Oracle will this morning officially launch its bid for Retek, which at $9 cash per share is fifty cents richer than SAP’s offer of February 28. The total value of the deal would be approximately $515m, compared to SAP’s $496m offer.
Retek specializes in applications for retailers. Oracle says that this is an under-penetrated market, that Oracle is a better home for Retek, compared to SAP, both technologically and financially and that SAP only got to make an offer because Oracle was distracted.
We decided that we were going to make a bid, partially to defend our number one position in North American applications market, Larry Ellison, Oracle’s CEO said in a conference call, sounding as stressed-out as he usually does in these kinds of situations.
We were a bit distracted with the PeopleSoft acquisition process when SAP decided to make their bid, Ellison said. The companies had been in talks since September, he said. It’s been our intention for some time to acquire Retek, it was just a matter of timing.
SAP made an offer for Retek of $8.50-per-share a little over a week ago, saying it would drive SAP’s growth in packaged applications aimed at the retail vertical. It remains to be seen whether the German company will boost its offer, spurring a bidding war.
I guess we’re going to have to wait and see how they react, Ellison said, playing his cards close to his chest when asked about SAP’s likely response. It’s anyone’s guess what they’re going to do and how they react.
The market looks like it expects the bids to rise. Retek’s share price leapt 15% in after hours trading yesterday, reaching $9.95 per share, almost a dollar more than Oracle is offering.
Oracle said it has already bought 10% of Retek’s shares, 5.5 million of them, on the open market in the last few days. This, if anything, already gives it a card to play should the competition for Retek get nastier.
But Oracle says this offer is very different from the long-running PeopleSoft saga. Ellison said he expects the proposed acquisition is a friendly, positive development likely to go down well at Retek. Retek’s board has already unanimously approved the SAP offer.
Oracle believes that its technology and Retek’s are more complementary that what SAP could offer. The companies have been partners for almost ten years, he said. There is no product overlap, he said, but both sets of products are built on the same platform.
There is not much left for us to do with these products, Ellison said. Retek is well on the road to being Project Fusion-compatible, he said, referring to Oracle’s PeopleSoft integration plan, which takes a Java-based standards approach to software.
We have a common vision of a next generation of applications built on industry standards, Ellison said. All of Retek’s new products are being built on Java, all of Oracle’s new products are being built on Java. We think this makes us a much better technology fit.
Retek is building its new applications with Oracle’s developer environments, Oracle said. As many as 80% of Retek’s customers use an Oracle platform already, the company claims.
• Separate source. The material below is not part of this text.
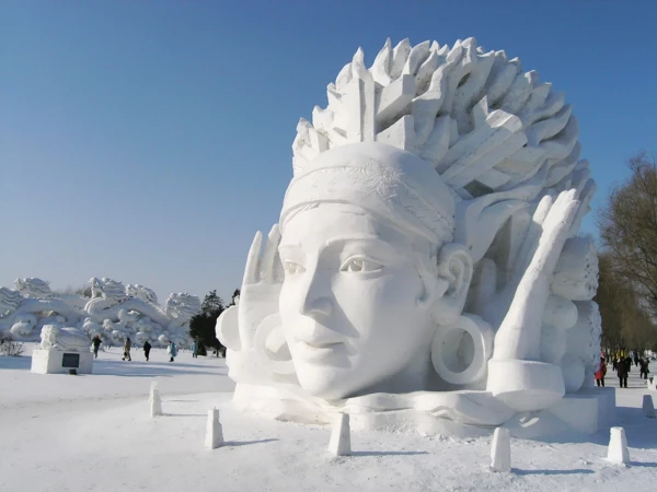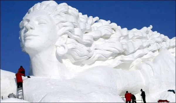 Отлично! Китай, Харбин, там каждый год проводится конкурс снеговых фигур...

Despite the aggressiveness of the move, Ellison played down the financial importance, saying the deal would barely move the needle compared to PeopleSoft. However, the deal is strategically important in the longer term, he said.
This is a much simpler acquisition, Ellison said. But he declined to rule out any further M&A activity. It wouldn’t have any impact on our ability to do a larger transaction sometime in the next 12 months, he said.